[AIM OF THE EXERCISE]: Find every line in the records below that holds the word "FSUN", and copy each one.
··· DATASET RECORDS ···
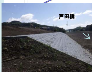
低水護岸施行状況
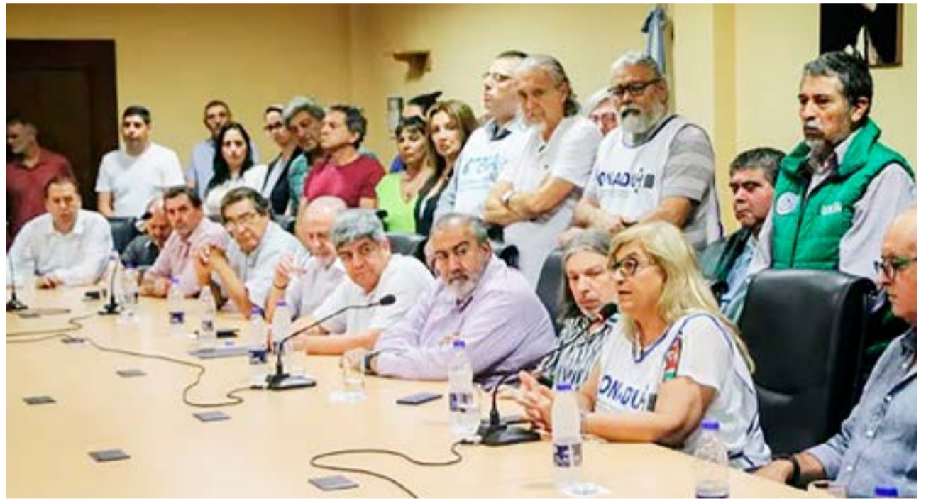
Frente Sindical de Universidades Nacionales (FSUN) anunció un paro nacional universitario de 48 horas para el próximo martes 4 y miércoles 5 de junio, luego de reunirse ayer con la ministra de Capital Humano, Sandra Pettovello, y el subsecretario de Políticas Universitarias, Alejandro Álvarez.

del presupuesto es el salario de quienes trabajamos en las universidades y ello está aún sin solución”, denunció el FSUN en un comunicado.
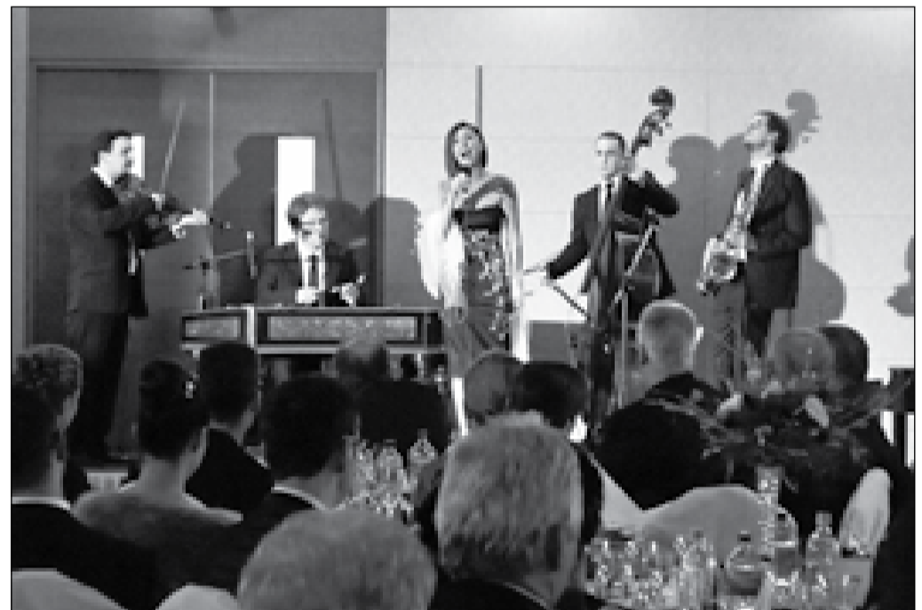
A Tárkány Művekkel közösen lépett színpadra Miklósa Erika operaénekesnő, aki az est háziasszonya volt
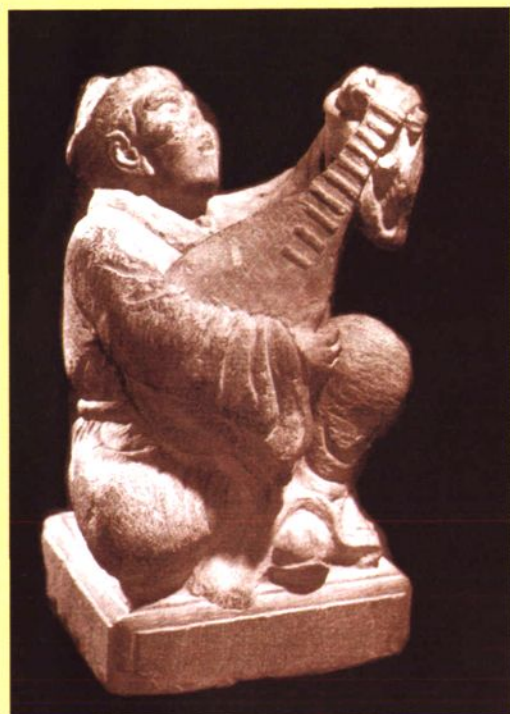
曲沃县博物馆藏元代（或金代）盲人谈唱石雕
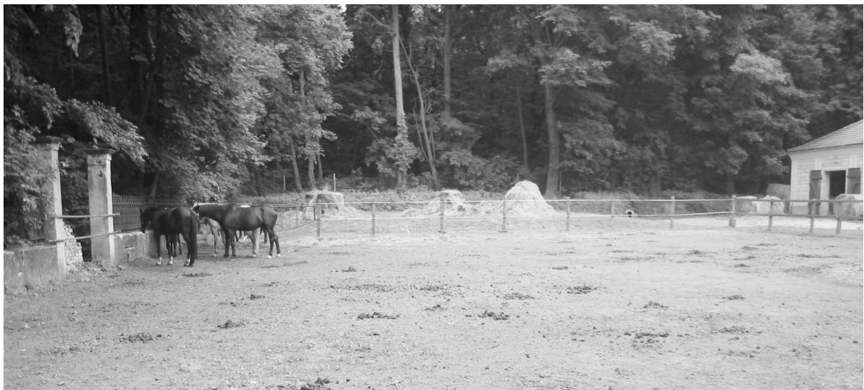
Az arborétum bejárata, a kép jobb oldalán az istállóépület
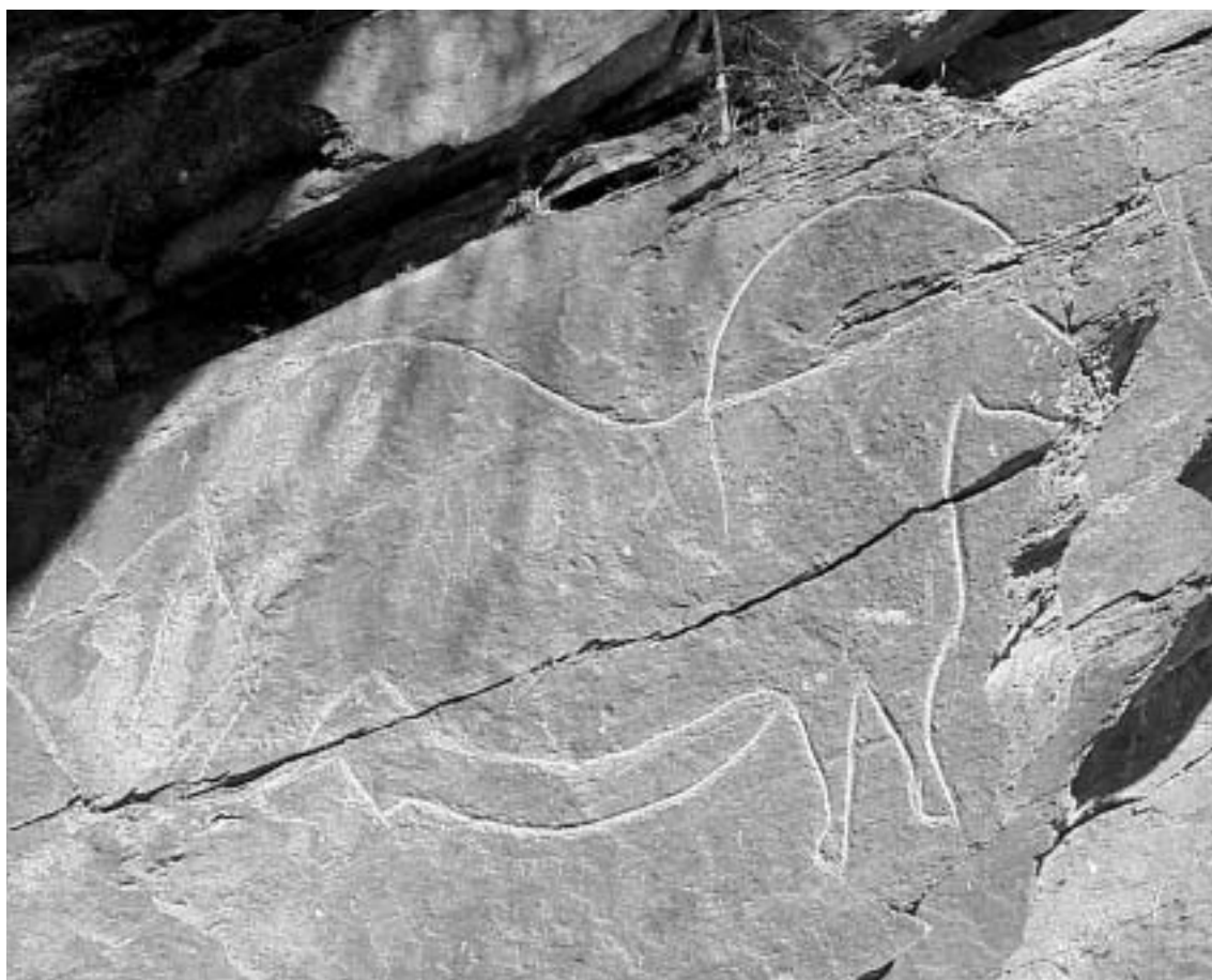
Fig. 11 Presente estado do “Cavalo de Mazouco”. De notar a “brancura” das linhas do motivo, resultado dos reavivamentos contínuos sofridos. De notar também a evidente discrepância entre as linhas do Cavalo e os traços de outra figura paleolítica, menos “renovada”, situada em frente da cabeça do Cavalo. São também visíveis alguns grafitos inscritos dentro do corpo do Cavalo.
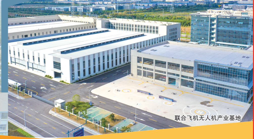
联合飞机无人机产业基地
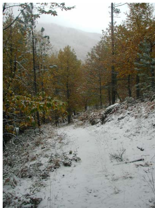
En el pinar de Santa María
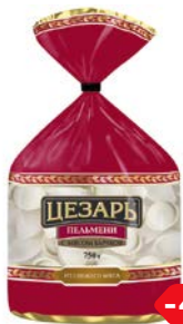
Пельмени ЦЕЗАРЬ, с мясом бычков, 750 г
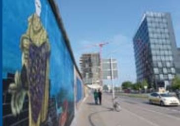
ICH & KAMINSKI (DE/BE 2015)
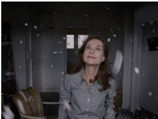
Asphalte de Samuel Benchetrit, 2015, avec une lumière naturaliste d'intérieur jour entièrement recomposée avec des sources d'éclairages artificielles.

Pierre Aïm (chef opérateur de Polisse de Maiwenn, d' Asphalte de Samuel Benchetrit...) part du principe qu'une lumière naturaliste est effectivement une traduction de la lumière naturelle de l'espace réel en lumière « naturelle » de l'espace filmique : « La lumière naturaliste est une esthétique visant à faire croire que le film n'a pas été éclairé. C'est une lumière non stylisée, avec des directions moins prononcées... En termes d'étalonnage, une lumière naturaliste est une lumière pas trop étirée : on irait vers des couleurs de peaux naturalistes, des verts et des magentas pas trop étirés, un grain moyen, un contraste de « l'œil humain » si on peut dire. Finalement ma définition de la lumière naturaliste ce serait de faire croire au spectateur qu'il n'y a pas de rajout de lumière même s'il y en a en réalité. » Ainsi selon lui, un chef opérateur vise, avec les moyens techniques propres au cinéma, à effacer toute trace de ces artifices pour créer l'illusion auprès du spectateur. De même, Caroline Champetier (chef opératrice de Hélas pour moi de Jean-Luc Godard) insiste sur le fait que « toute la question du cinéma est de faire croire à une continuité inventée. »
···
[SOLUTION TO THIS PROBLEM]:
Frente Sindical de Universidades Nacionales (FSUN) anunció un paro nacional universitario de 48 horas para el próximo martes 4 y miércoles 5 de junio, luego de reunirse ayer con la ministra de Capital Humano, Sandra Pettovello, y el subsecretario de Políticas Universitarias, Alejandro Álvarez.
del presupuesto es el salario de quienes trabajamos en las universidades y ello está aún sin solución”, denunció el FSUN en un comunicado.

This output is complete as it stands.